Gazeteci yazar  Abdurrahman Dilipak, bugünkü yazısında, sosyal medyada  Cumhurbaşkanı Erdoğan’ın öldüğüne dair iddialara isim vermeden tepki gösterdi. Dilipak, “Bakıyorum da birileri birilerinin ölümü üzerinden ne senaryolar yazıyorlar ya da birileri birilerinin yaşaması üzerinden ne senaryolar üretiyorlar. Sonunda herkesin bir planı var. Allah’ınsa bir hükmü. Sonunda Allah’ın dediği olacak. Ve herkes neye layıksa onu bulacak. Allah iradesi ve rızasının gerçekleşmesinde hiç kimsenin varlığına muhtaç değildir.” dedi.

'DÜNÜN KAZANIMLARINI BİR PARTİ, BİR KİŞİYE PATENTLİYOR'

“Birileri dünün kazanımları bir parti, bir kişi ile patentleme çabasında oluyor her zaman.” diyen Yeni Akit yazarı Dilipak, “Oysa o iktidar ya da nimet, dünün kolektif çabalarının ürünüdür. Sonra o iktidar sahipleri, bu kazanımdan yola çıkarak insanlardan kendilerine sadakat bekliyorlar ve başarıların devamının buna bağlı olduğunu söylemeye kalkıyorlar adeta. Oysa Allah bizi mallarımız, canlarımız ve sevdiklerimizle, kimi zaman artırarak, kimi zaman eksilterek imtihan edecektir ve bu süreçte herkes için ancak yaptığının karşılığı vardır. Eğer bir an için özünü kaybedersek insanlık ölür, ki asıl tehlikeli olan da budur.” diye yazdı.

Abdurrahman Dilipak, yazısının bir kısmında şunları kaydetti:

“Kimsenin yaşaması ya da ölümü, kimsenin kurtuluş ya da helak’ının sebebi değildir. O sadece sebeplerden biridir.
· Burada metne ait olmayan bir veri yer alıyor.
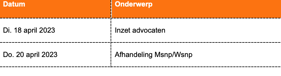 De onderwerpen van onze (be)spreekuren worden vastgesteld aan de hand van thema’s die op dit moment spelen of actualiteiten rond de hersteloperatie. Ook organiseren wij (be)spreekuren over onderwerpen waar gemeenten regelmatig vragen over stellen. Denk hierbij aan de samenwerking tussen gemeenten en de Belastingdienst of de rol van de Persoonlijk Zaakbehandelaar.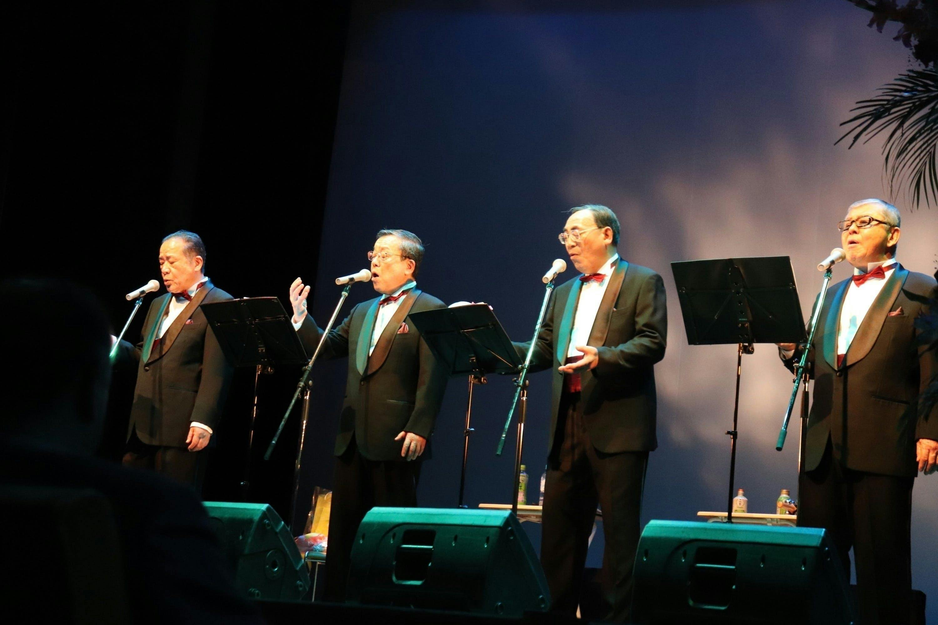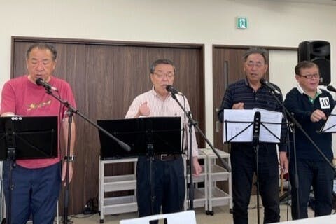 メンバーは秋田市在住の古希を迎えた男性4人。老人施設などへの慰問活動のほか、さまざまな場所で出前歌声喫茶を開催し、歌を通じて笑顔と元気を届けております。

Sonun da hayır da şer de Allah’ın iradesi içindedir. Biz O’nun rızasına tabi olursak, Ondan gelecek hayrın kaynağını, sebebini o halkeder, dilerse kafirler eliyle dahi, O, o sebebi halkedebilir. Sonuçta bize hayır gibi gelen şeylerde şer, şer gibi gelen şeylerde Allah hayır murat etmiş olabilir. Biz bilmeyiz, Allah bilir. Sonuçta dirilten de öldüren de, tekrar diriltecek olan da Allah’tır. O irade ve rızasını gerçekleştirmek için birilerinin yardımına ya da desteğine muhtaç değildir. Birinden bir şey almaya muhtaç da değildir. Herkes kaderini, rızgını ve ecelini bir ölçüye göre tayin eden de O’dur!
Hiçbir liderlik, hiçbir yakınlık, hiç kimse için mutlak kurtuluş vesilesi değildir. Peygamberlerin kurtarıcı gücü yoktur. Onlar kurtuluşa çağırırlar. Yoksa babamız peygamber olsa gelse (Haşa, artık bir peygamber gelmeyecek) sizi kurtaramaz. Hiçbir lider ya da komutan, önder kurtarıcı değildir. Göklerin ordularının komutası, göklerin ve yerin hazinelerinin anahtarı kimsenin yed-i tasarrufunda değildir. Tabii bunu kime anlatacaksınız? Kemalistlere mi, dindarlara mı, solculara mı, milliyetçilere mi!. Herkes kendine bir “kurtarıcı önder” bulmuş yoluna devam ediyor! Herkesin kendine göre bir kurtarıcısı var! O da yetmezse, kimi Mehdi bekler, kimi Mesih, kimi müceddid. Oysa peygamberler geldi, peki sonuç ne oldu! Kimse kendini değiştirmeyi düşünmüyor ve herkes bir kurtarıcı bekliyor. Oysa kişi kendini değiştirmedikçe Allah onun hakkındaki hükmünü değiştirmeyecektir.”